YOUR TASK: Copy every entry word for word, but skip the pictures.
------------------------------------------------------------------------
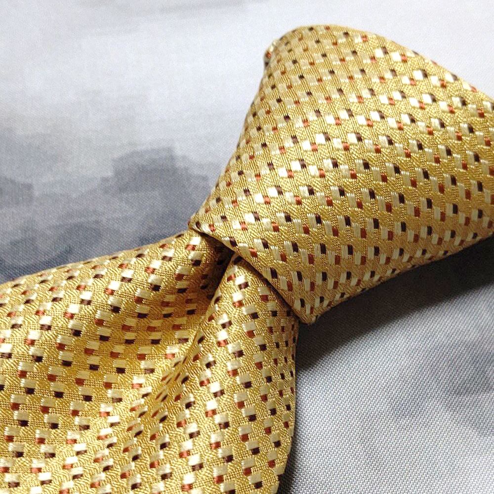 レノマ renoma U.P 美品 未使用品 微光沢 ネクタイ 日本製 シルク100% パターン柄 黄系 イエロー系 L-009013
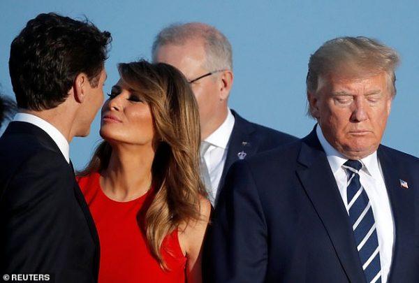 First Lady Melania Trump also puckered up, kissing Canadian Prime Minister Justin Trudeau.
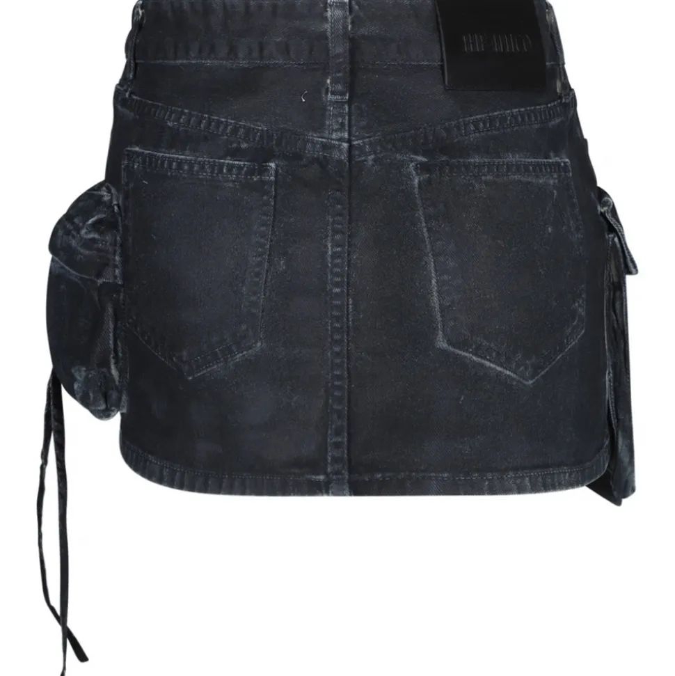 The Attico Fay Mini Skirt. Midnight blue cotton mini skirt, concealed fly and button fastening. Classic five pockets, two front flap pockets, side zip-fastening pocket.
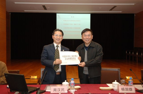 會上,世博局(ju)向(xiang)市(shi)國(guo)資委發(fa)出了參加2010年世博會的邀(yao)請函(han),市(shi)國(guo)資委向(xiang)國(guo)盛集團(tuan)發(fa)出了承建(jian)“上海企(qi)業聯合館”任務(wu)書,國(guo)盛集團(tuan)董事(shi)長施德容(rong)代表參建(jian)企(qi)業發(fa)言。
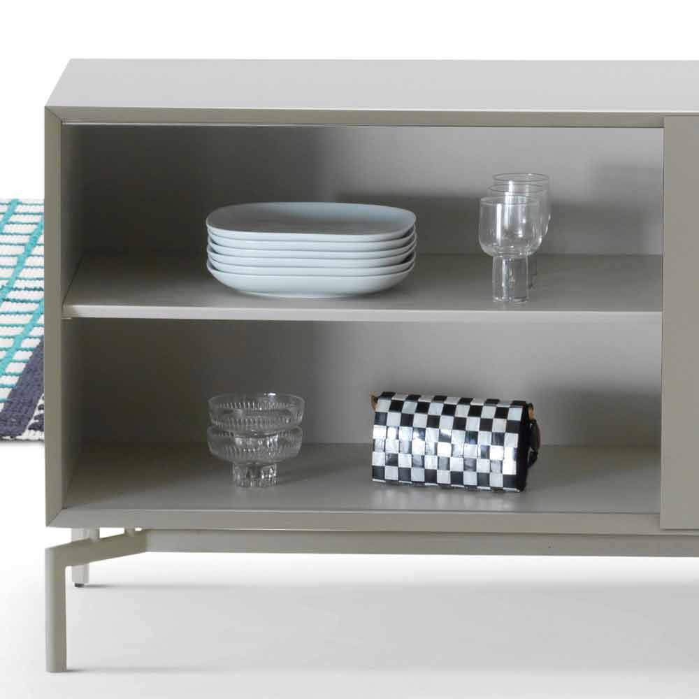 Skänk i matt duggrålackad MDF med varmgrålackat öppet fack.
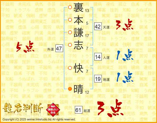 裏(13画)本(5画)謙(17画)志(7画) 快(7画)晴(12画)
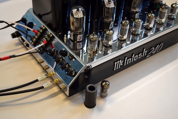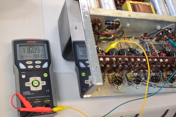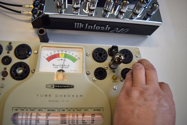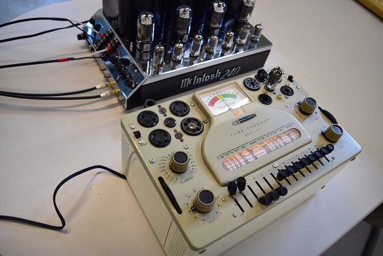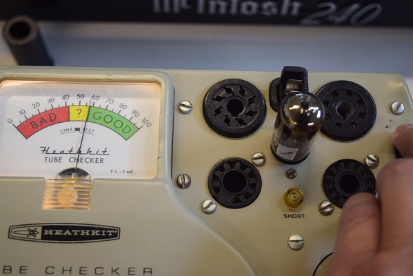 1ヶ月前のこちらでのレストアでは最後に音質面から真空管の特性も測りました。特にドライブ管の消耗が進んでいましたが、全てのドライブ管のピンを磨いて検査をしています。今回お送り頂いた真空管で先頭のシールドケースに入ったTelefunken
------------------------------------------------------------------------
RESULT:
 レノマ renoma U.P 美品 未使用品 微光沢 ネクタイ 日本製 シルク100% パターン柄 黄系 イエロー系 L-009013
 First Lady Melania Trump also puckered up, kissing Canadian Prime Minister Justin Trudeau.
 The Attico Fay Mini Skirt. Midnight blue cotton mini skirt, concealed fly and button fastening. Classic five pockets, two front flap pockets, side zip-fastening pocket.
 會上,世博局(ju)向(xiang)市(shi)國(guo)資委發(fa)出了參加2010年世博會的邀(yao)請函(han),市(shi)國(guo)資委向(xiang)國(guo)盛集團(tuan)發(fa)出了承建(jian)“上海企(qi)業聯合館”任務(wu)書,國(guo)盛集團(tuan)董事(shi)長施德容(rong)代表參建(jian)企(qi)業發(fa)言。
 Skänk i matt duggrålackad MDF med varmgrålackat öppet fack.
 裏(13画)本(5画)謙(17画)志(7画) 快(7画)晴(12画)
 1ヶ月前のこちらでのレストアでは最後に音質面から真空管の特性も測りました。特にドライブ管の消耗が進んでいましたが、全てのドライブ管のピンを磨いて検査をしています。今回お送り頂いた真空管で先頭のシールドケースに入ったTelefunken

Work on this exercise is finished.